La main coupée
- Author: Blaise Cendrars
- Language: French
- Series: Blaise Cendrars memoir tetralogy
- Genre: War memoir
- Set in: 1914–1915, Western Front (World War I)
- Published: 1946
- Publisher: Denoël, Dufour Editions
- Published in English: June 1, 1973
- Media type: Print
- Pages: 328
- ISBN: 9780450019647
- Preceded by: The Astonished Man
- Followed by: Bourlinguer

= La main coupée =

1946 French novel by Blaise Cendrars

La main coupée (lit. 'The Severed Hand') is a semi-autobiographical war memoir by Swiss-born writer Blaise Cendrars (1887–1961), first published in 1946. It has been published in English as Lice (1973) and as The Bloody Hand (2014).
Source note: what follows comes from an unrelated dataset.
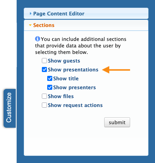For anyone who’s a presenter, you can add the date and time of their sessions to their profile.

The book recounts Cendrars’s experiences as a foreign volunteer in the French Army during the early years of the First World War. It is composed as a sequence of episodic portraits and anecdotes depicting daily life at the front, including trench warfare, patrols, encounters with military bureaucracy, and interactions with fellow soldiers.

== Background ==
Cendrars was a Swiss national and enlisted in the French Foreign Legion under a false name in 1914. He served until September 28, 1915, when he was wounded and lost his right arm. Lice was written thirty years later, between 1944 and 1946. Lice is the second volume in Cendrars’s tetralogy of memoirs, following The Astonished Man (1945) and preceding Bourlinguer (1948). The series concludes with Sky Memoirs (1949).

== Plot summary ==

The narrative follows Cendrars after he enlists in the French Foreign Legion and is deployed to the Western Front. The book does not follow a single continuous narrative or conventional plot arc. Instead, it is structured as a series of episodic vignettes, loosely ordered chronologically, beginning with his time at the Second Battle of Artois.
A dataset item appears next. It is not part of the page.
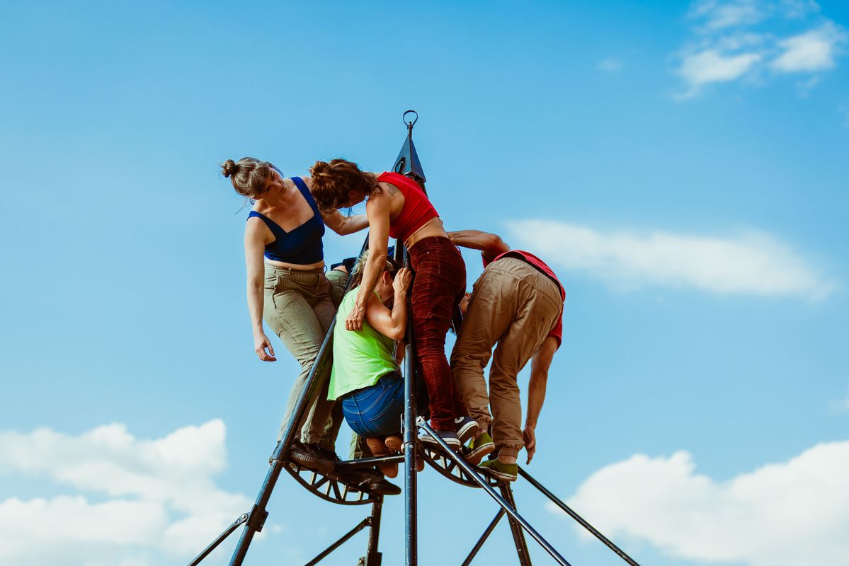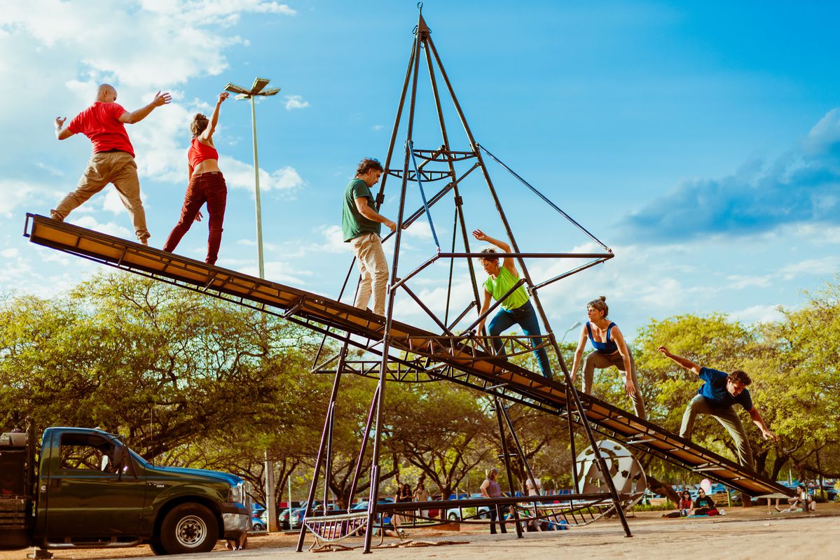 Durante la performance, se crea pieza por pieza en una coreografía que altera la noción del tiempo del espectador. Una obra manual se alza ante el público, entre ideas concretas y metáforas, realizada por hombres y mujeres, que genera expectativas ante el riesgo, el logro y la posible caída humana.

The narrative depicts daily life at the front through short scenes focused on patrols, trench life, improvised missions, moments of boredom, fear, and camaraderie, as well as his recurring conflicts with French military bureaucracy. Rather than emphasizing large-scale battles, Cendrars concentrates on the physical and psychological conditions of soldiers and the distinctive personalities of the men with whom he serves. Many chapters function as portraits of individual comrades, whose actions and quirks illustrate the brutality and randomness of wartime experience.

== Characters ==

- Robert Bellesort – A young man from Tours, exiled to Canada following a dispute with his uncle and guardian. He frequently speaks of his twin sister and becomes close friends with Ségouâna.
- Bikoff – A taciturn Russian soldier and skilled marksman who does not speak French. Wounded at Bois de la Vache and eventually takes his own life after losing his sight.
- Garnero – A fearless soldier described as an excellent cook and marksman.
- Kupka – The Czech painter František Kupka, portrayed as an older volunteer with high morale but fragile health, eventually discharged due to frostbite.
- Przybyszewski – Nicknamed “Monoclard,” a self-styled Polish prince depicted as unreliable and cowardly.
- Rossi – An Italian strongman known for his physical endurance and solitary habits.
- Ségouâna – A wealthy and eccentric soldier, an expert marksman and close companion of Bellesort.
- Captain Jacottet – The commanding officer of Cendrars' company, he maintains an informal relationship with Cendrars and is portrayed as showing a degree of good humor toward the soldiers.

== Analysis ==
The historians Jean-Jacques Becker and Stéphane Audoin-Rouzeau describe Lice as an "absolutely unclassifiable" outlier among World War One memoirs, because Cendrars combines two narrative tendencies which are usually mutually exclusive: an anti-heroic critique of war, and a dehumanizing hatred of the enemy.

== Editions ==

- Cendrars, Blaise. La Main coupée. Paris: Denoël, 1946.
- Cendrars, Blaise. Lice. Translated by Nina Rootes. New York: Dufour Editions, 1973.
- Cendrars, Blaise. The Bloody Hand. Translated by Graham macLachlan. Éditions Vagamundo, 2014.